_WHAT YOU SHOULD DO:_ All lines from the one containing "伝統を誇る日本の箔技術が出合" through the end of the data below are to be repeated exactly, with pictures left out.

PROVIDED MATERIAL: Begin

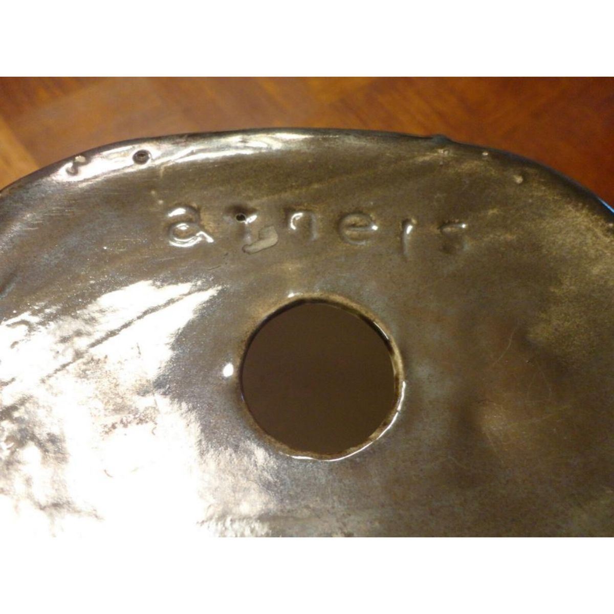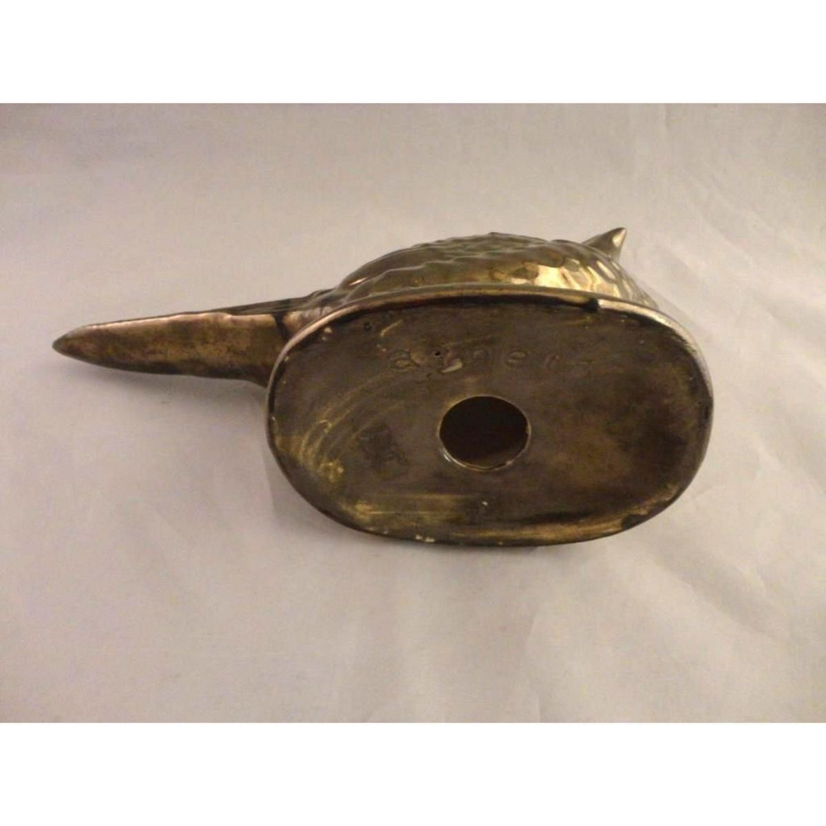 Mid Century modern ceramic, bronzed lusterware hunting figurine, table centerpiece, in the form of a pheasant bird. Signed "arners" on the base. 11" L X 6 1/2" H X 3 3/4' W.
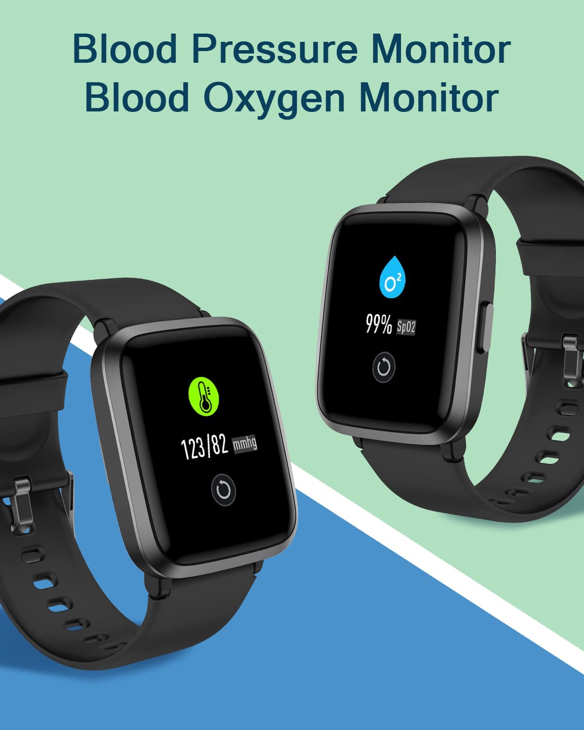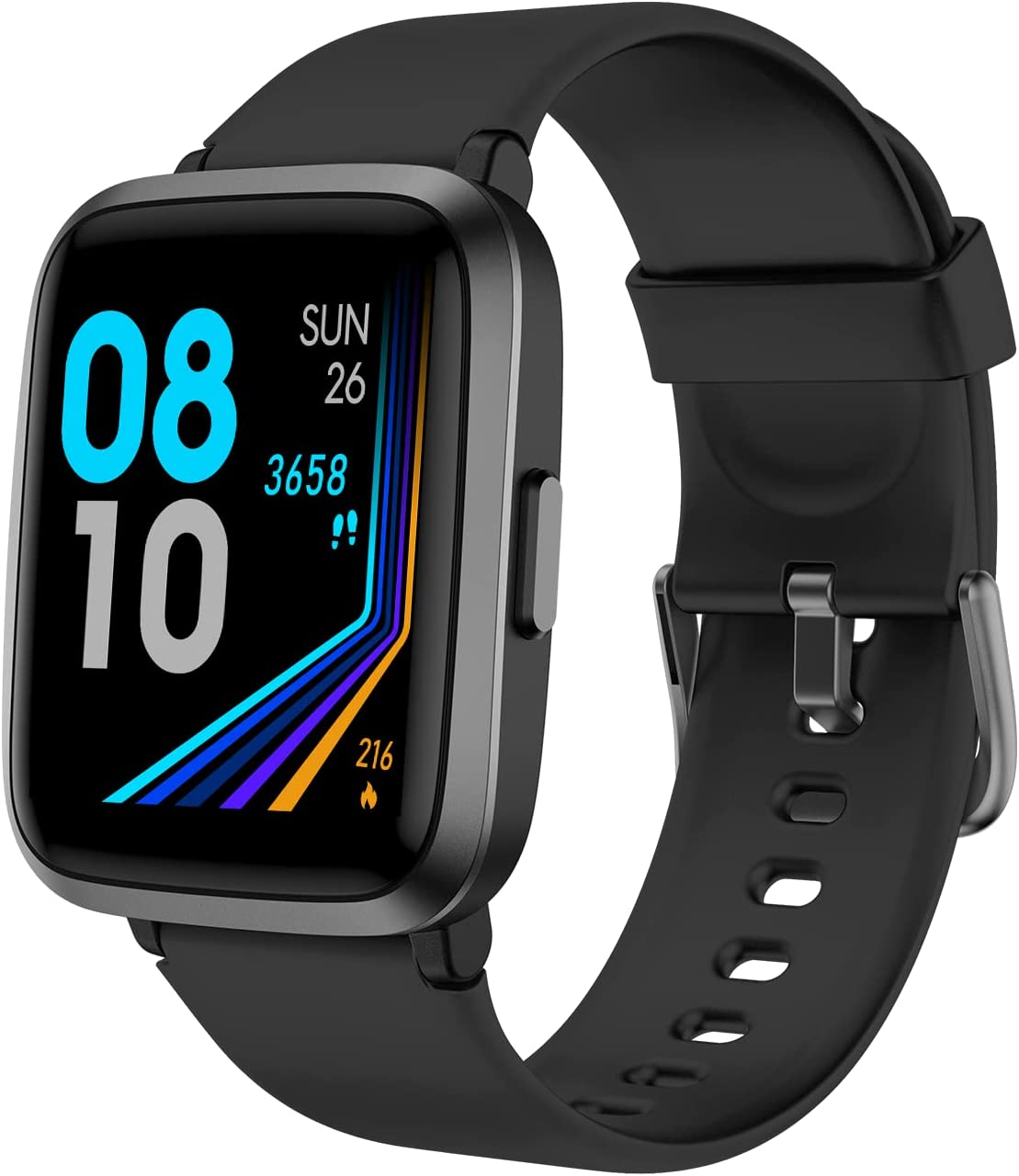 Smart Watch Compatible with iPhone Android Phones 2022, 1.7 inch Watches for Men Women IP68 Waterproof Fitness Tracker with Blood Oxygen/Heart Rate Monitor Sleep Steps Tracker DIY Watch Faces Black
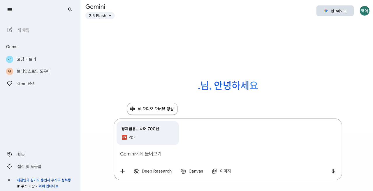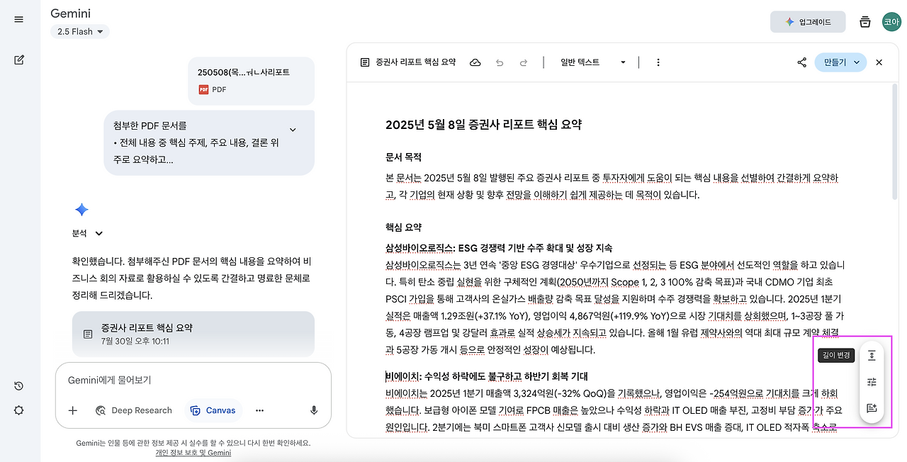 "캔버스"를 활용하면 Gemini와 함께 실시간 문서 작성도 가능합니다.
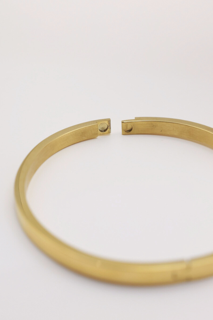 The Maria Bracelet in Gold is a sleek clasp bangle designed for a seamless, polished look that never goes out of style. Its modern silhouette makes it perfect for Nashville-inspired fashion, whether worn solo for understated elegance or stacked with other bracelets for a trendy layered vibe. From casual days to elevated nights, this timeless piece adds effortless shine to every outfit. It’s jewelry you never have to take off!
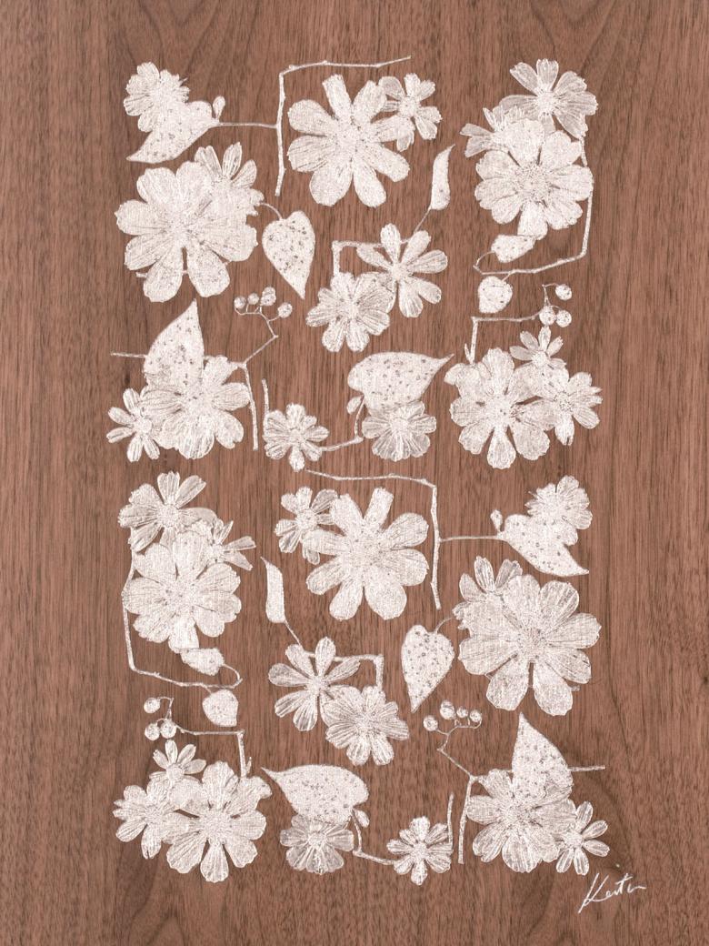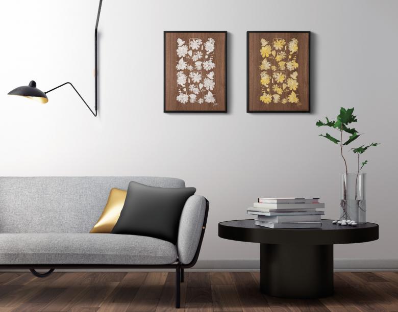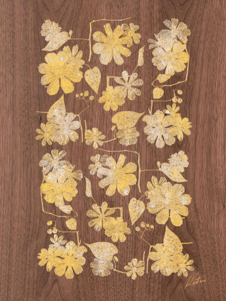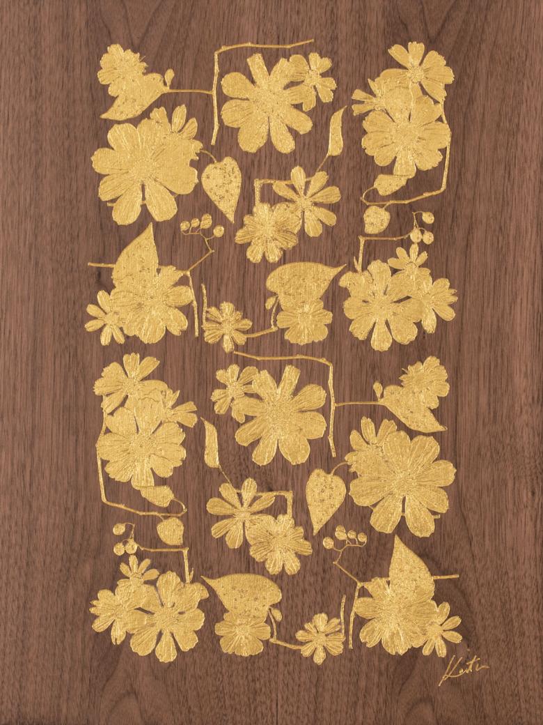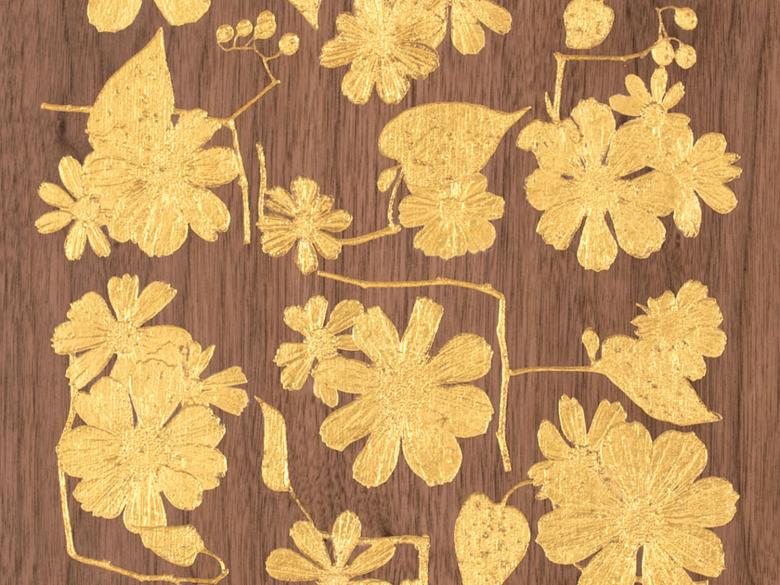 伝統を誇る日本の箔技術が出合い、木片に金箔を張り合わせる金箔工芸表現がIKUTAを繋ぎ手として誕生、『花グラフィック』に新たな世界観をもたらしました。
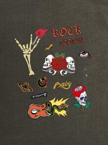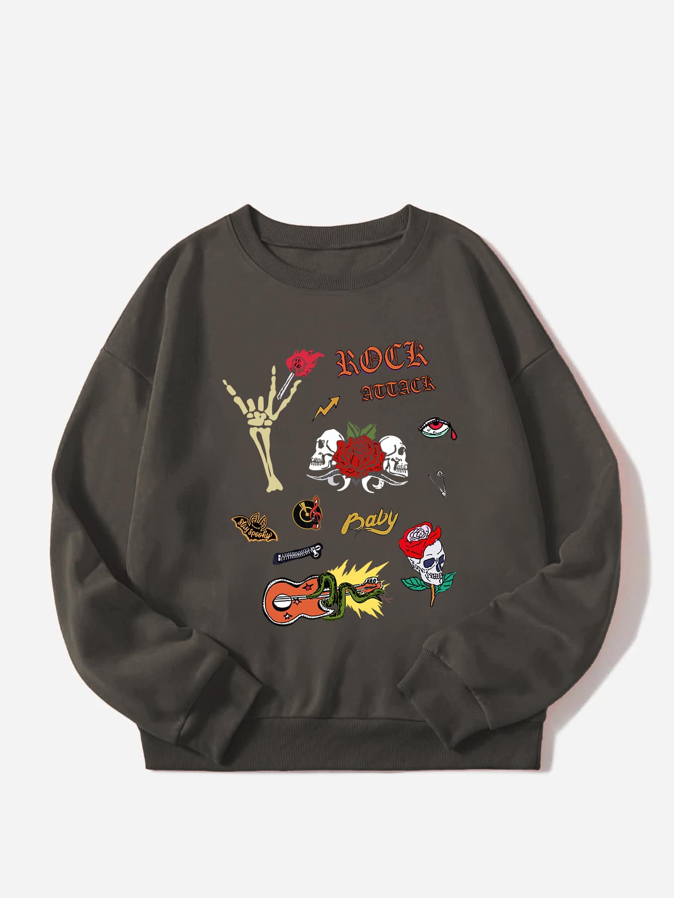 Sudadera de cráneo & con estampado de rosa de hombros caídos
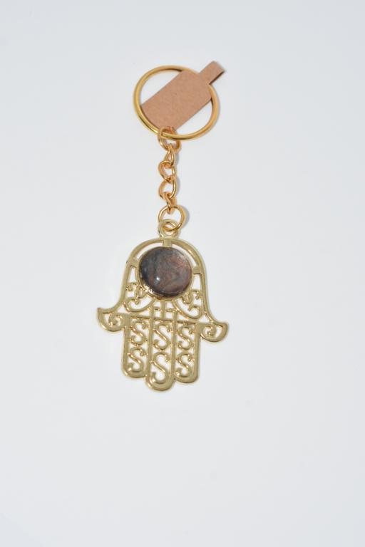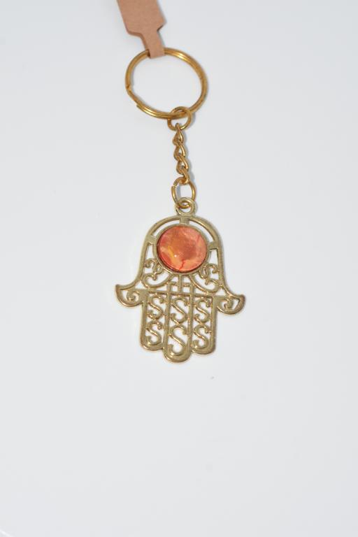 Gold colour base, Hamsa Hand keyring, with a unique art filled centre.
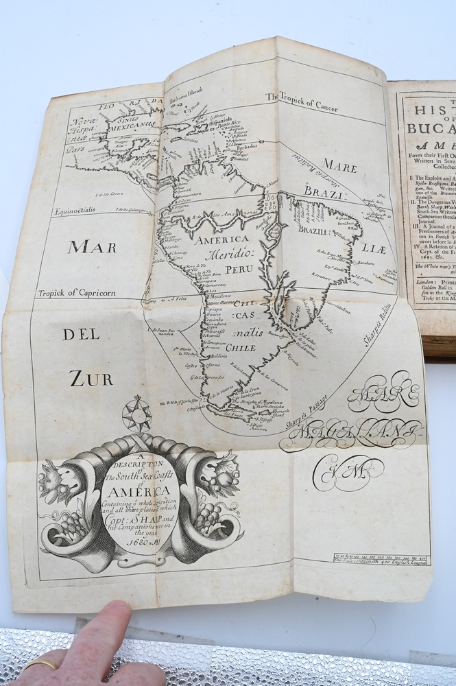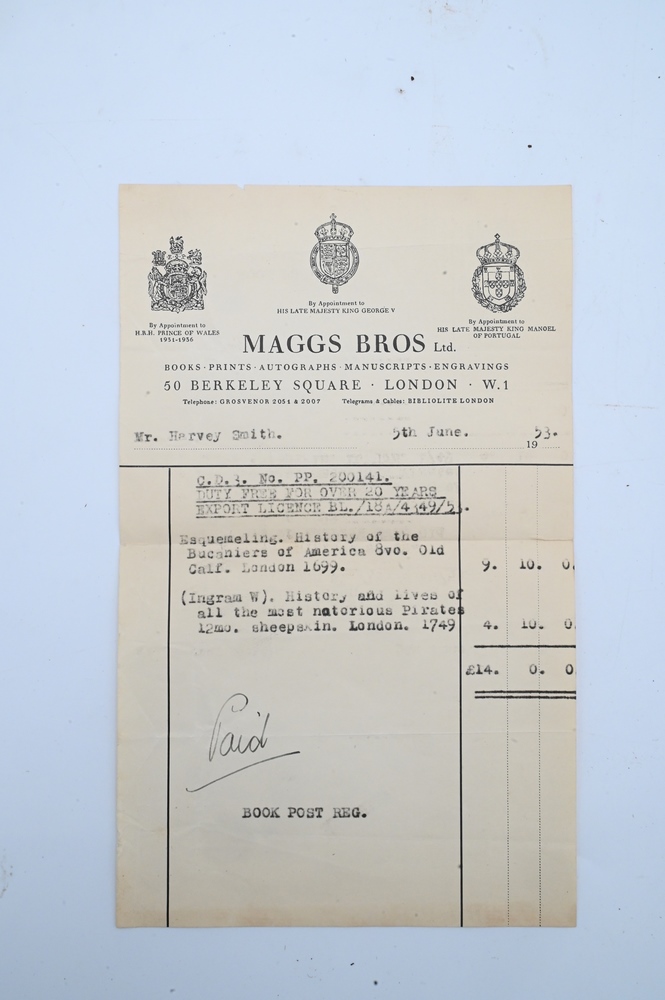Lot 401: History of the Buccaneers of America From Their First Original Down To This Time, written in several languages and now collected into one volume, illustrated with 25 copper plates with maps, London 1699; along with bill of sale from Maggs Bros., LTD., London, June 1953.
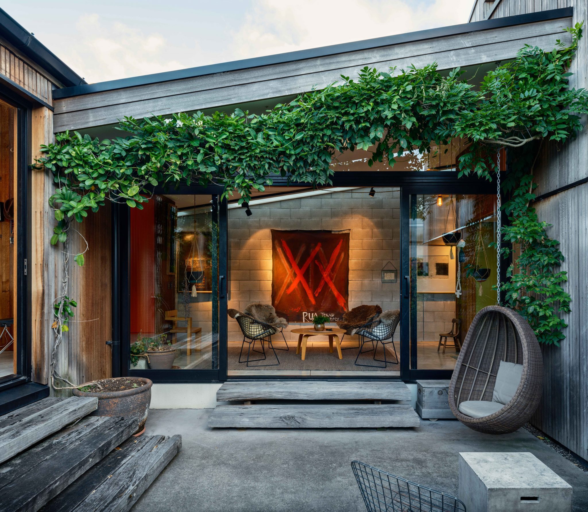 Rich has been teaching a university course that includes using his own home as an example of resilience. “It’s about the effects of the Anniversary Day floods that went nuts around this area,” he explains. “Houses were washed out and the park was flooded. But this house is a lesson in its climate resilience; it handles the deluges and deals with extremes very well.”
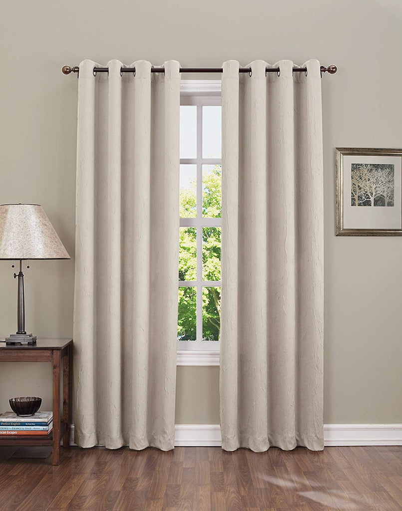Sun Zero Leighton Crushed Room Darkening Grommet Curtain Panel,Stone Beige,50" x
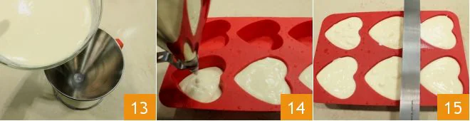 Pour the mixture into a small funnel 13 to fill the heart-shaped silicone molds more easily 14 (alternatively use a spoon); then level the surface of the molds with a spatula 15. Let the mold rest in the refrigerator for 3-4 hours or until fully set.

PROVIDED MATERIAL: End

_OUTPUT OF THE TASK:_
 伝統を誇る日本の箔技術が出合い、木片に金箔を張り合わせる金箔工芸表現がIKUTAを繋ぎ手として誕生、『花グラフィック』に新たな世界観をもたらしました。
 Sudadera de cráneo & con estampado de rosa de hombros caídos
 Gold colour base, Hamsa Hand keyring, with a unique art filled centre.
Lot 401: History of the Buccaneers of America From Their First Original Down To This Time, written in several languages and now collected into one volume, illustrated with 25 copper plates with maps, London 1699; along with bill of sale from Maggs Bros., LTD., London, June 1953.
 Rich has been teaching a university course that includes using his own home as an example of resilience. “It’s about the effects of the Anniversary Day floods that went nuts around this area,” he explains. “Houses were washed out and the park was flooded. But this house is a lesson in its climate resilience; it handles the deluges and deals with extremes very well.”
Sun Zero Leighton Crushed Room Darkening Grommet Curtain Panel,Stone Beige,50" x
 Pour the mixture into a small funnel 13 to fill the heart-shaped silicone molds more easily 14 (alternatively use a spoon); then level the surface of the molds with a spatula 15. Let the mold rest in the refrigerator for 3-4 hours or until fully set.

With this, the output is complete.